Ça tombe bien. Parce que de l’autre côté de l’Atlantique, le rouquin qui vient de déposer une bombe dans les toilettes du pub où la reine devait faire un discours sera bientôt orphelin de son Irlande natale… Un dernier pied de nez aux habits rouges, et le rouquin entonne le “Dying Seaman” (comme son papa, avant qu’il ne se perde en mer). Sans savoir que moins de dix ans plus tard, ce “Dying Seaman” deviendrait “Dying Cowboy” dans la bouche d’un garçon-vacher dialoguant avec son feu de camp… On a dépassé les années 80 (de 1800). Le rouquin est tenté par les dernières caravanes allant vers l’Ouest. Mais chanter à l’unisson, même avec des compatriotes, ça n’est pas son truc. Il fait quelques années au Pony-Express, juste assez pour s’acheter un (vrai) cheval et une (fausse) selle mexicaine. On n’est pas loin des années 90…
Le rouquin convoie des troupeaux du Texas au Montana. Et ça prend du temps.

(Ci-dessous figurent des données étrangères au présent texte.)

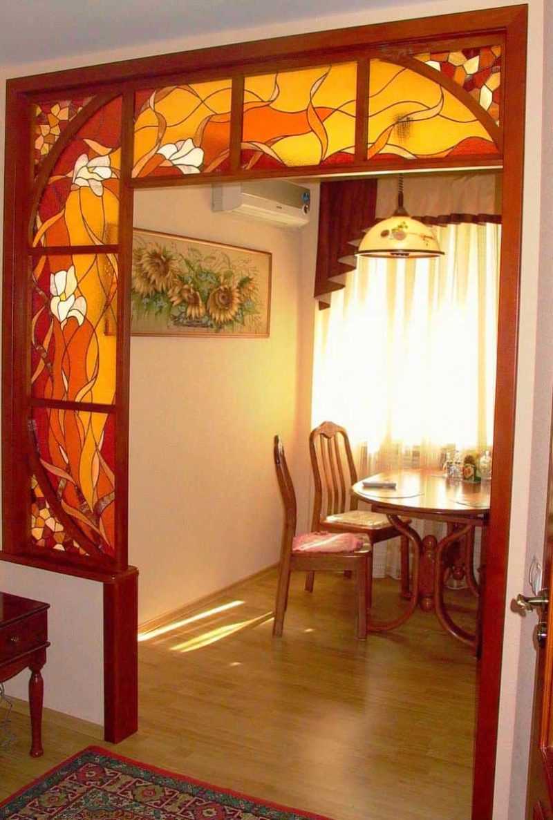 This is the most popular way to use stained glass in the interior. Interior doors become a means of stylization, a unique decorative element. In addition, they are a way to hide from prying eyes what is happening behind the door, for example, to the bedroom, the nursery, saving the owners from the need to install a blind door.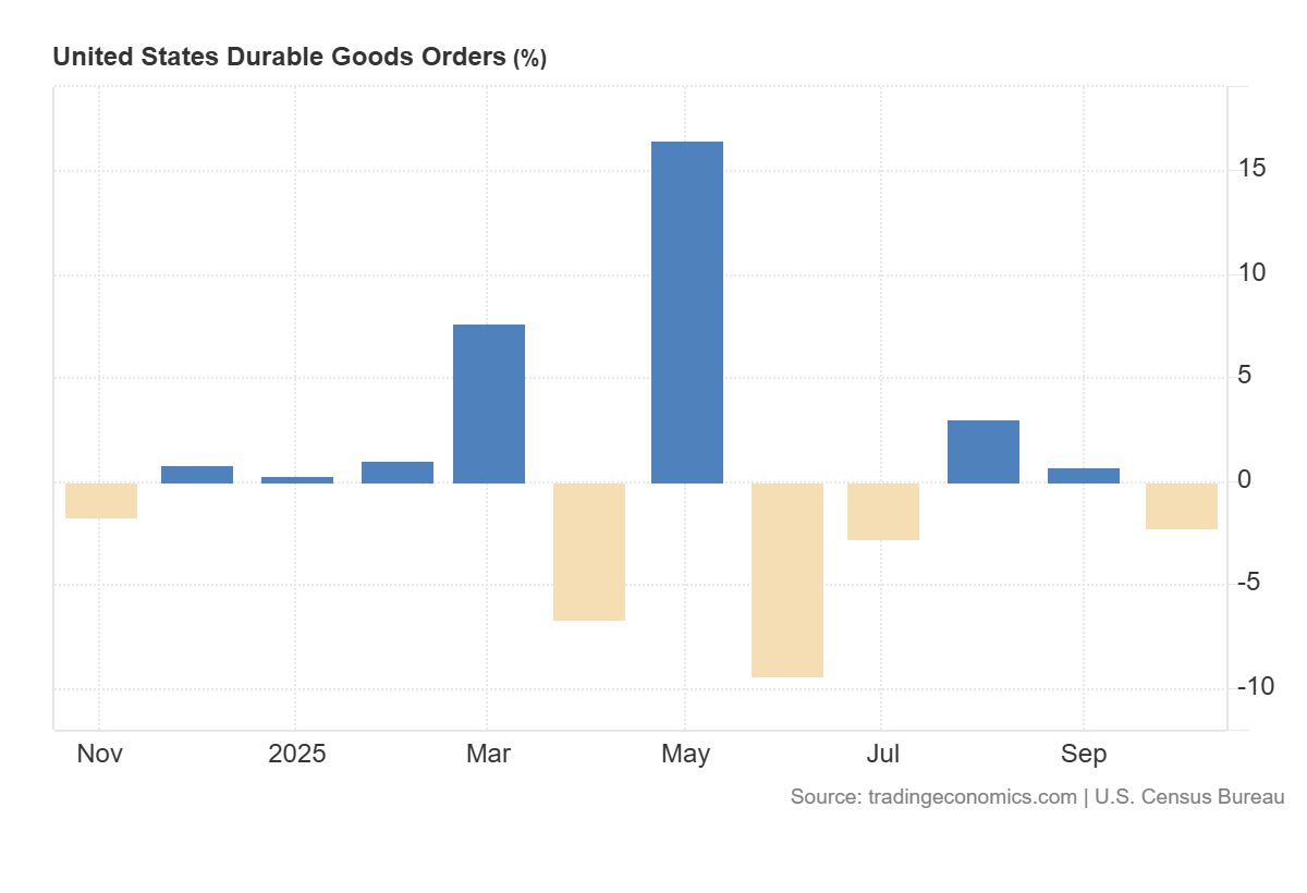 ตัวชี้วัดดังกล่าวปรับตัวลดลง -2.2% เมื่อเทียบรายเดือน ซึ่งออกมาแย่กว่าที่คาดการณ์ไว้ที่ -1.5% และอ่อนแอกว่าค่าก่อนหน้าที่ +0.7% อย่างมีนัยสำคัญ พลวัตนี้สะท้อนถึงความต้องการสินค้าที่ใช้เงินลงทุนสูงที่เริ่มชะลอตัว และอาจเป็นสัญญาณบ่งชี้ถึงการชะลอแผนการลงทุนของภาคธุรกิจในช่วงเดือนข้างหน้า สำหรับตลาดหุ้นสหรัฐฯ ตัวเลขลักษณะนี้มักถือเป็นสัญญาณเชิงลบในระดับปานกลาง โดยเฉพาะต่อภาคส่วนที่พึ่งพาวัฏจักรอุตสาหกรรมและการลงทุนของภาคธุรกิจ นักลงทุนอาจเริ่มสะท้อนการเติบโตของรายได้ที่ระมัดระวังมากขึ้นสำหรับบริษัทอุตสาหกรรมและผู้ผลิตอุปกรณ์ ซึ่งลดระดับความเชื่อมั่นโดยรวมของตลาด

Alors, il rappe ses chansons issues de l’univers des pubs british au rythme débonnaire de son canasson…
Car n’en déplaise à Hollywood, au fan que je suis et à tous les cowboys électriques qui interprèteront les “Streets Of Larédo” avec grand orchestre, nos vachers chantaient a cappella (cette tradition existe encore : procurez-vous donc les disques de Waddy Mitchell. J’ai dit Waddy…). A cappella, sans banjo, sans philharmonique : c’est ainsi que le rouquin dialogue avec son bivouac et sa timbale de café bouilli. Il leur confie les moments les plus poignants de sa condition d’homme seul face aux rigueurs de l’hiver, au coup de feu que la nuit vous tire parfois dans le dos à l’ombre des cactus sans ombre…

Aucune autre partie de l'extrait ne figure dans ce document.